*BRIEF*: The full text of the records below, minus any pictures, should be given back word for word.

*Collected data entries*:
--- START ---

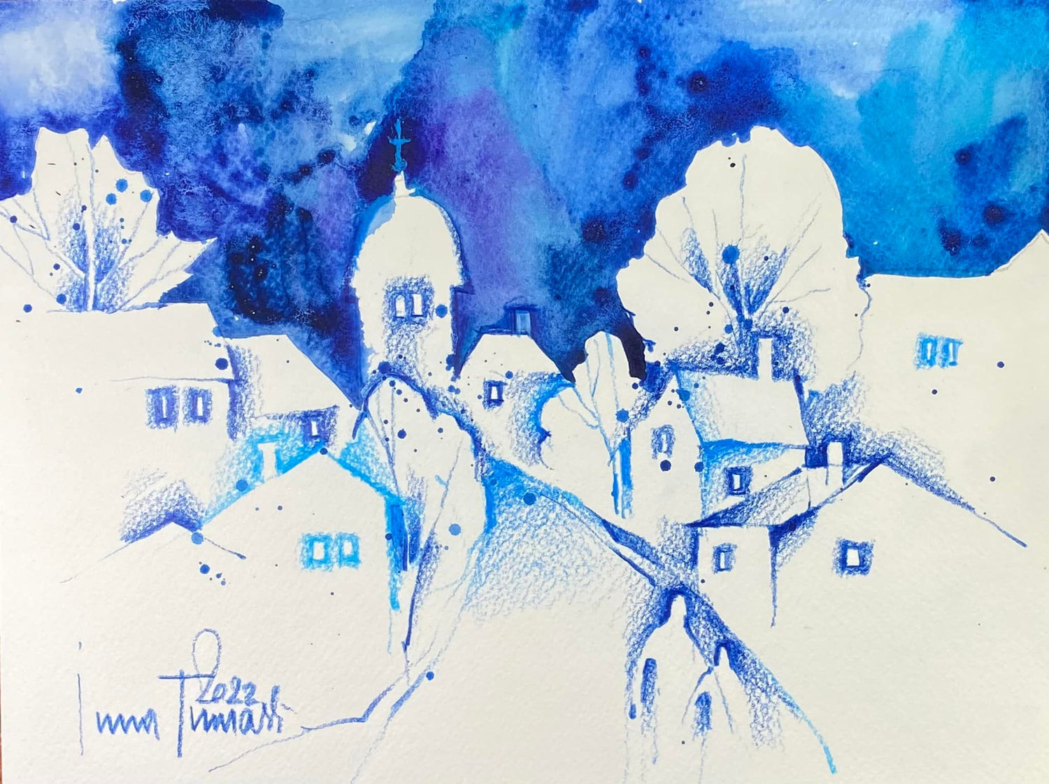 Два урока "Голубой пейзаж с ветром" и "Синий ветер. Композиция 2"
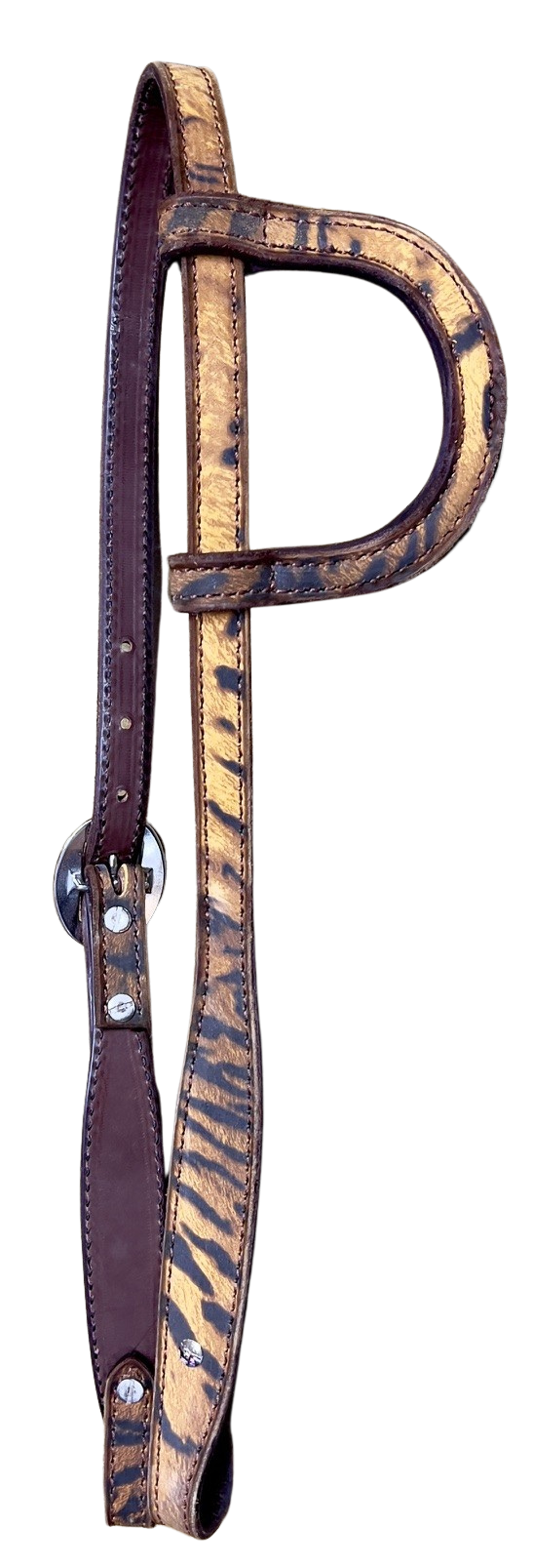 Elevate your riding with our R Bar B Tiger Print One Ear Headstall! Stand out with the unique tiger print design and experience a secure fit with the one ear construction. Take your horsemanship to the next level and make a bold statement.
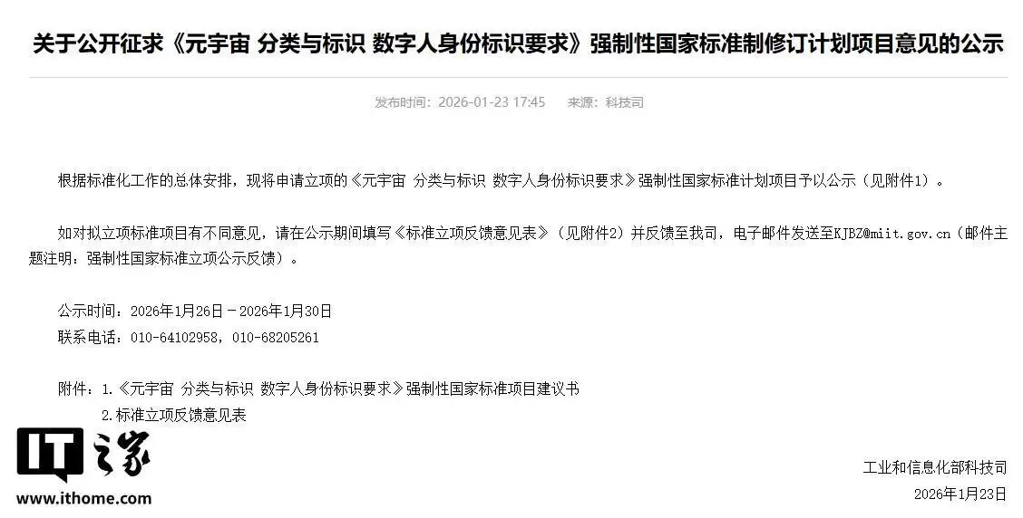 1月23日,据IT之家消息,工业和信息化部今日发布公告,就《元宇宙 分类与标识 数字人身份标识要求》强制性国家标准修订项目的征求意见稿,正式向社会公开征集意见。
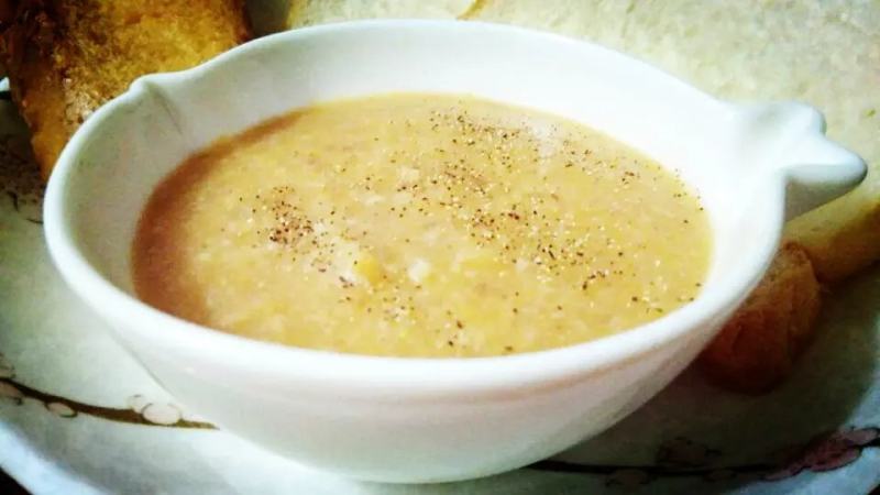 7:蔬菜汤煮涨关火。把汤倒入料理机搅碎至细粒(看个人搅碎至什么程度),倒入汤碗,撒上黑胡椒粉,就可以开吃了。建议配上蒜蓉法棍片
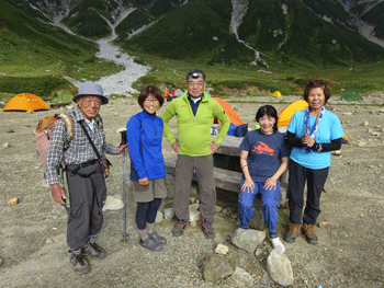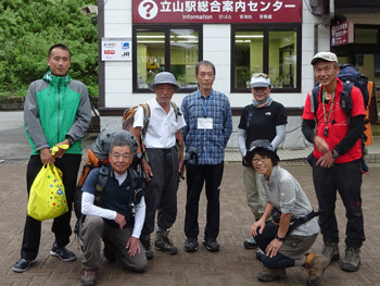 9/3 午前5時前に電話が鳴った。「私も同行したい。泊まるわけにはいかないが・・」 池田氏であった。賑やかになるから大歓迎! そして、皆との約束時間と場所を伝えた。待ち合わせ場所のアルペン村午前6時に、ねぎちゃんもやって来てくれて、いっぺんに盛り上がった。立山駅で池田氏と合流。そこに、イケさんとハマちゃんとバッタリ。こんな事は、なかなかないので、無理矢理写真に収まってもらった。
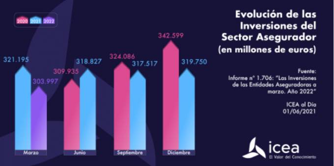 El volumen estimado del total de las inversiones del sector aseguradora español en el primer trimestre de este año se sitúa, según los datos de ICEA, en 303.997 millones de euros, una cantidad que es un 5,3% a los 321.195 que había al cierre de marzo de hace un año.

--- END ---

*SOLUTION BELOW*:
 Два урока "Голубой пейзаж с ветром" и "Синий ветер. Композиция 2"
 Elevate your riding with our R Bar B Tiger Print One Ear Headstall! Stand out with the unique tiger print design and experience a secure fit with the one ear construction. Take your horsemanship to the next level and make a bold statement.
 1月23日,据IT之家消息,工业和信息化部今日发布公告,就《元宇宙 分类与标识 数字人身份标识要求》强制性国家标准修订项目的征求意见稿,正式向社会公开征集意见。
 7:蔬菜汤煮涨关火。把汤倒入料理机搅碎至细粒(看个人搅碎至什么程度),倒入汤碗,撒上黑胡椒粉,就可以开吃了。建议配上蒜蓉法棍片
 9/3 午前5時前に電話が鳴った。「私も同行したい。泊まるわけにはいかないが・・」 池田氏であった。賑やかになるから大歓迎! そして、皆との約束時間と場所を伝えた。待ち合わせ場所のアルペン村午前6時に、ねぎちゃんもやって来てくれて、いっぺんに盛り上がった。立山駅で池田氏と合流。そこに、イケさんとハマちゃんとバッタリ。こんな事は、なかなかないので、無理矢理写真に収まってもらった。
 El volumen estimado del total de las inversiones del sector aseguradora español en el primer trimestre de este año se sitúa, según los datos de ICEA, en 303.997 millones de euros, una cantidad que es un 5,3% a los 321.195 que había al cierre de marzo de hace un año.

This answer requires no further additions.